Classic, but not timeless

A Brief History of Time

by Stephen Hawking

The wonderful thing about this book is that Hawking is smart enough to recognise that it is a snapshot. The book’s popularity and acclaim could lead one to the assumption that it will be a timeless contribution to science writing. It may stick around for some time, but much of what it says will be proven wrong or irrelevant. That, so I learn, is the nature of physics. And what an excellent basis for a non-fiction book.

The book itself is brilliant. Hawking’s writing is lucid, crisp and full of character. I particularly liked his little jokes (to himself more than the reader) at some paragraphs that detail the wacky properties of, say, quantum mechanics or the superstring theory.
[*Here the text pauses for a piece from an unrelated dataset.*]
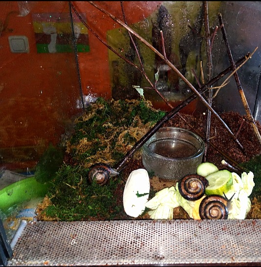 Neu eingezogen sind Schnecken aus der Karibik. Kleine Ufos, sehr hübsch. Habe sie in einem kleinen Glassterra auf dem Schreibtisch. Sie schlafen am Tag unter Moos oder im Boden, und kommen am frühen Abend zum schneckeln heraus. Bei momentanen Temperaturen ohne Heizung und hoher Luftfeuchtigkeit, von über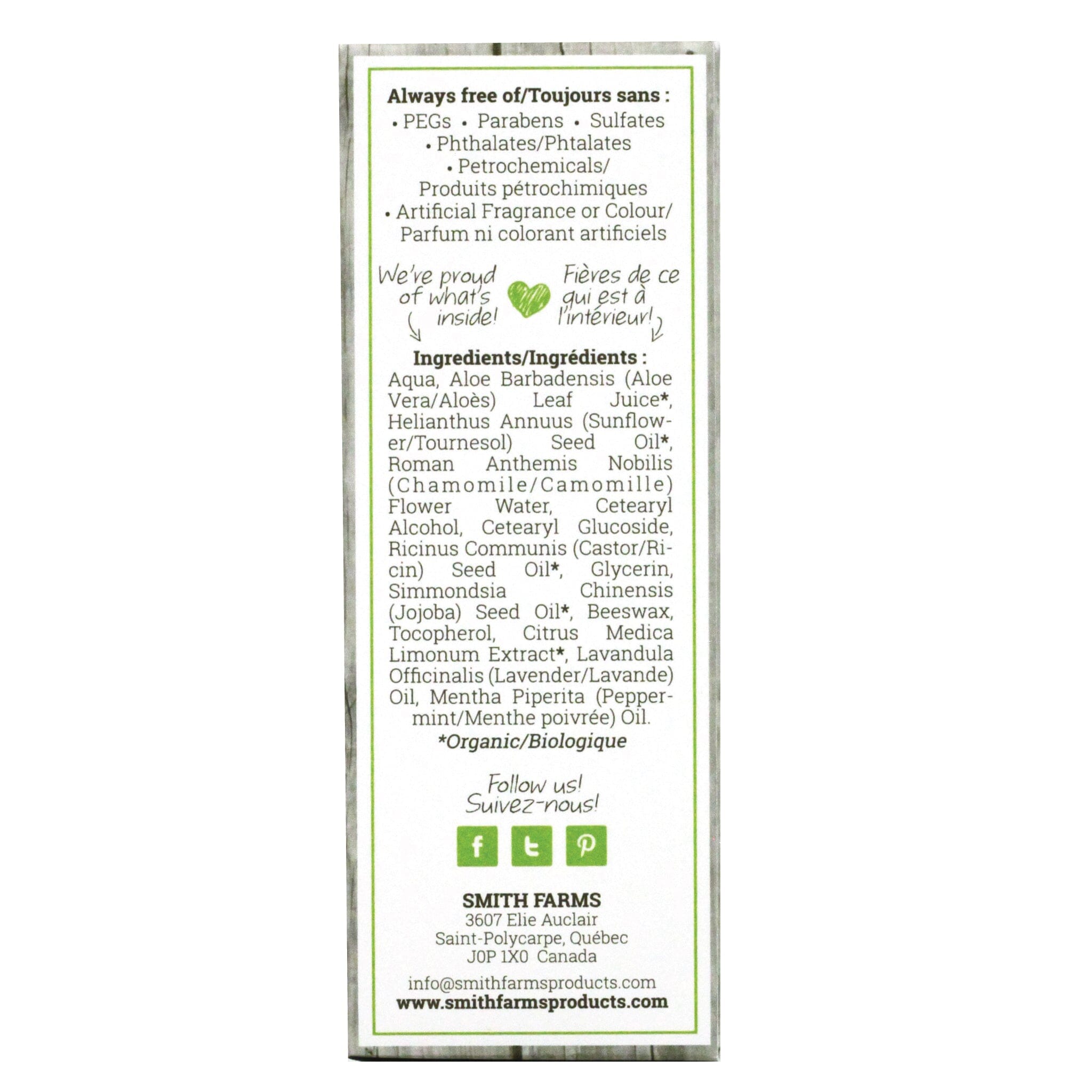 Distilled Water, Aloe Vera, Organic Sunflower Oil, Chamomile Water, Organic Cetearyl Alcohol (and) Cetearyl Glucoside (plant sugar derived emulsifier), Organic Castor Oil, Vegetable Glycerin (Vegetable), Organic Jojoba Oil, Vitamin E, Beeswax, Organic Citrus Extract (preservative), Lavender Essential Oil, Peppermint Essential Oil.

As a lay reader who has fallen out of the science world over recent years, this book was a very useful introduction to the history of physics, time and cosmology – and many other sciences. Hawking moves from Copernicus through Newton and Einstein and right to his own research in a seamless fashion. The reader is, crucially, helped to understand how all the great theories of physics have developed together – their overlaps, their clashes and their limitations.

Hawking even respects human culture enough to bring into his book non-scientific understandings of the world. He frequently refers to one “God” (presumably a Judaeo-Christian god), and how questions around the creation of the universe can be answered differently by different types of philosopher, including theists and physicists.

An extra note. I was reading the illustrated edition, which contains several hundred diagrams, illustrations and photographs. I cannot imagine reading Hawking’s text without these – articulate though it is. The pictures help a great deal in the understanding of the book’s big ideas.